WHAT TO PRODUCE
Take the data below and copy exactly the lines starting at the one with "Sleman (MAN 1" and finishing at the one with "For explorer dogs, dreamer", both included.

TASK INPUTS
------------------------------------------------------------------------

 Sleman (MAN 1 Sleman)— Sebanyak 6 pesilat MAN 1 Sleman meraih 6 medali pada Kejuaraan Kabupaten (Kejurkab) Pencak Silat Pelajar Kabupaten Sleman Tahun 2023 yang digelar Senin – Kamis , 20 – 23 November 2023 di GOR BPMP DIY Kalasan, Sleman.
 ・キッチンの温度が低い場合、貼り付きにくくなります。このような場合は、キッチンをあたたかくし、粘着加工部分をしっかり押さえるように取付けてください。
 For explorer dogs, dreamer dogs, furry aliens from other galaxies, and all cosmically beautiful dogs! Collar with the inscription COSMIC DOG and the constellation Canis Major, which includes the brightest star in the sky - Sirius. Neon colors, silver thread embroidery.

------------------------------------------------------------------------

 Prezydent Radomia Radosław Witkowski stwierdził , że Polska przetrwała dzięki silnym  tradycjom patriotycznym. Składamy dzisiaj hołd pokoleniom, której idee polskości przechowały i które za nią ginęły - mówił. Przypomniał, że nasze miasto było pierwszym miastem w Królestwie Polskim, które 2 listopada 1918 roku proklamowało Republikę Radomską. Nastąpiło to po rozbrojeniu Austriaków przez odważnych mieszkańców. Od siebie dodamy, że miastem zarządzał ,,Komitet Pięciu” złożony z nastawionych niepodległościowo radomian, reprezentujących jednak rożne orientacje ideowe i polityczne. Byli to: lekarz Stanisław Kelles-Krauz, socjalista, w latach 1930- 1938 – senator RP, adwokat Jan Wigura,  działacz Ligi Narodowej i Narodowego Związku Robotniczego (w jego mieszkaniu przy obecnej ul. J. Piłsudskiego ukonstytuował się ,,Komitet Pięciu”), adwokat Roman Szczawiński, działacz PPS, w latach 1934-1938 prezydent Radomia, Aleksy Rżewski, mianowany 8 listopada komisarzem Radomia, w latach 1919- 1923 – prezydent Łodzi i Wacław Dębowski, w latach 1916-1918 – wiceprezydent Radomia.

------------------------------------------------------------------------

ANSWER AREA
 Sleman (MAN 1 Sleman)— Sebanyak 6 pesilat MAN 1 Sleman meraih 6 medali pada Kejuaraan Kabupaten (Kejurkab) Pencak Silat Pelajar Kabupaten Sleman Tahun 2023 yang digelar Senin – Kamis , 20 – 23 November 2023 di GOR BPMP DIY Kalasan, Sleman.
 ・キッチンの温度が低い場合、貼り付きにくくなります。このような場合は、キッチンをあたたかくし、粘着加工部分をしっかり押さえるように取付けてください。
 For explorer dogs, dreamer dogs, furry aliens from other galaxies, and all cosmically beautiful dogs! Collar with the inscription COSMIC DOG and the constellation Canis Major, which includes the brightest star in the sky - Sirius. Neon colors, silver thread embroidery.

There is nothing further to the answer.